***** Information supplied *****

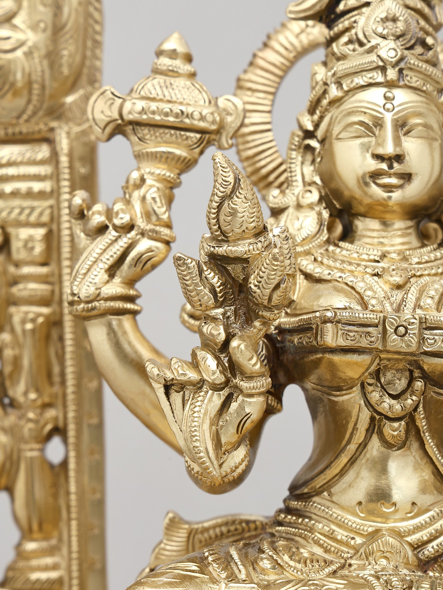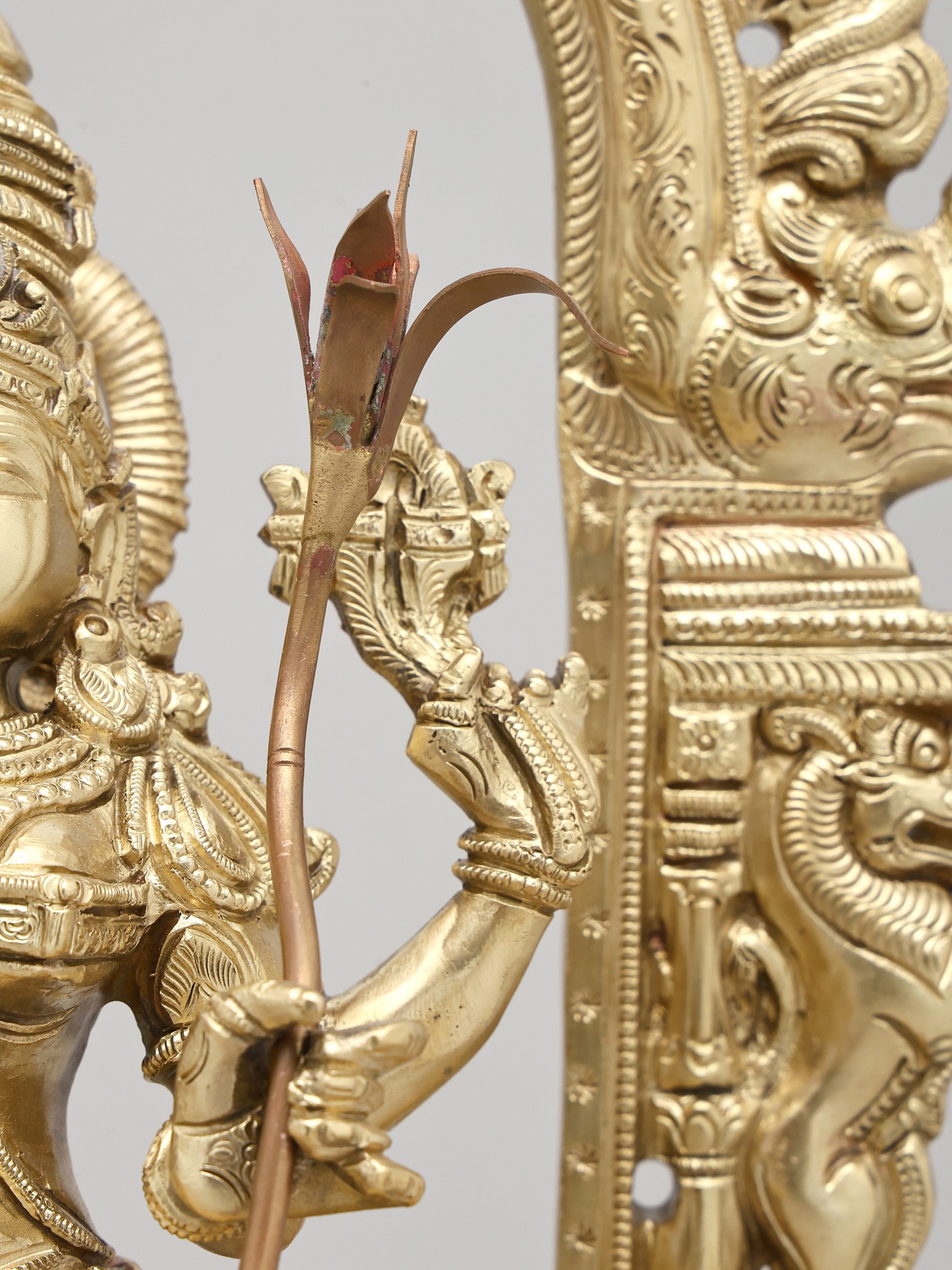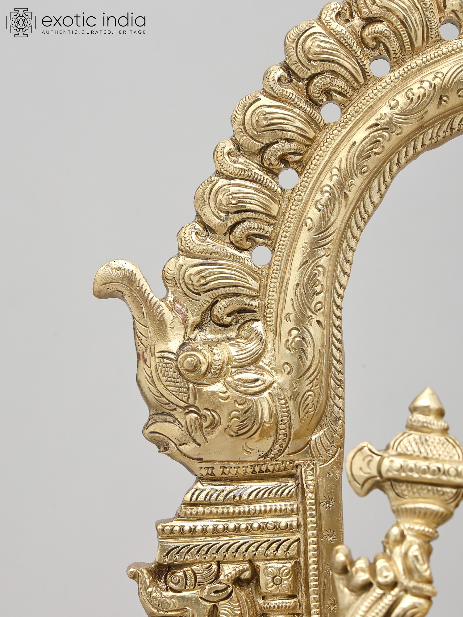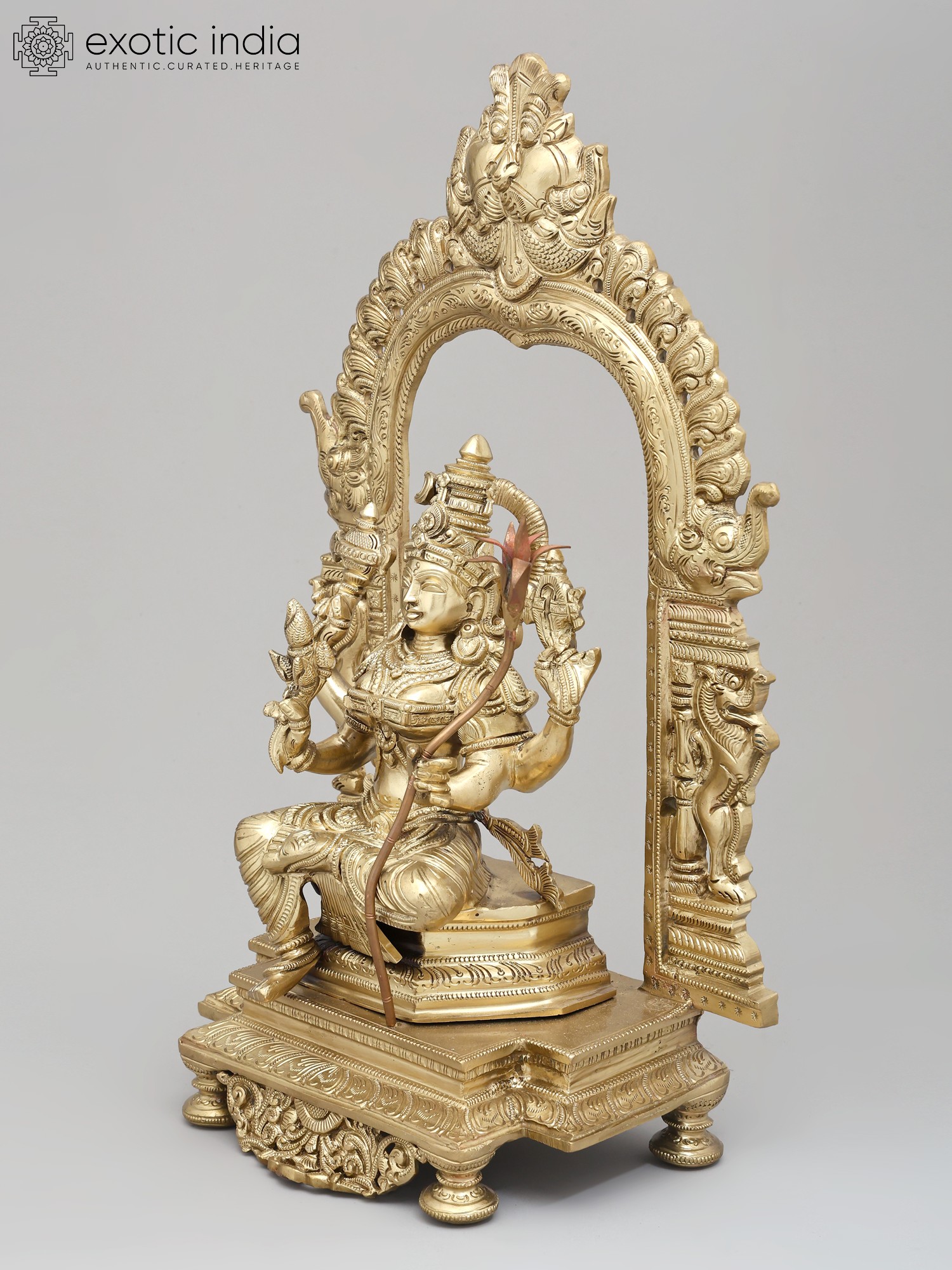 Adorned with a solar aura, seated on a lotus throne, Devi Tripurasundari-Rajarajeshwari is surrounded by a splendid aureole, adorned with a Kirtimukha emblem, with two Makara placed on pillars of Yali. Infused with a divine glow all over, this bronze statue is sculpted as a sanctum icon of Tripurasundari.
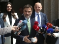The commanding chairman of the DP, Enkelejd Alibeaj, speaking to the journalists after a meeting with the chairman of the Muslim Community, Bujar Spahiu, to congratulate him on the occasion of Eid-ul-Fitr or the Great Eid, which comes after the holy month of Ramadan.
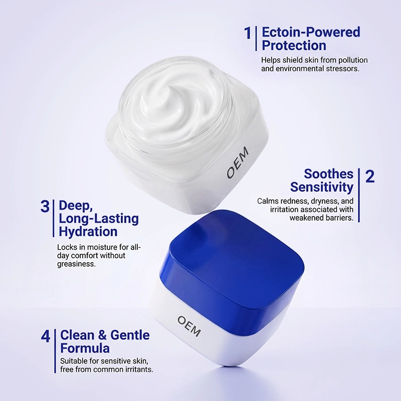 Formulado com ectoína de alta pureza, este creme barreira ajuda a proteger a pele dos agressores ambientais, proporcionando hidratação profunda e duradoura. Suaviza o ressecamento, a vermelhidão e a sensação de repuxamento – ideal para peles sensíveis e urbanas. Sua textura rica, porém não oleosa, é rapidamente absorvida. Produzido em nossa sala limpa GMPC, totalmente personalizável. Aprovado por marcas globais.

*****

• _Problem details_
The finished copy should match the data above word for word and contain no pictures.

• _Task output_
 Adorned with a solar aura, seated on a lotus throne, Devi Tripurasundari-Rajarajeshwari is surrounded by a splendid aureole, adorned with a Kirtimukha emblem, with two Makara placed on pillars of Yali. Infused with a divine glow all over, this bronze statue is sculpted as a sanctum icon of Tripurasundari.
The commanding chairman of the DP, Enkelejd Alibeaj, speaking to the journalists after a meeting with the chairman of the Muslim Community, Bujar Spahiu, to congratulate him on the occasion of Eid-ul-Fitr or the Great Eid, which comes after the holy month of Ramadan.
 Formulado com ectoína de alta pureza, este creme barreira ajuda a proteger a pele dos agressores ambientais, proporcionando hidratação profunda e duradoura. Suaviza o ressecamento, a vermelhidão e a sensação de repuxamento – ideal para peles sensíveis e urbanas. Sua textura rica, porém não oleosa, é rapidamente absorvida. Produzido em nossa sala limpa GMPC, totalmente personalizável. Aprovado por marcas globais.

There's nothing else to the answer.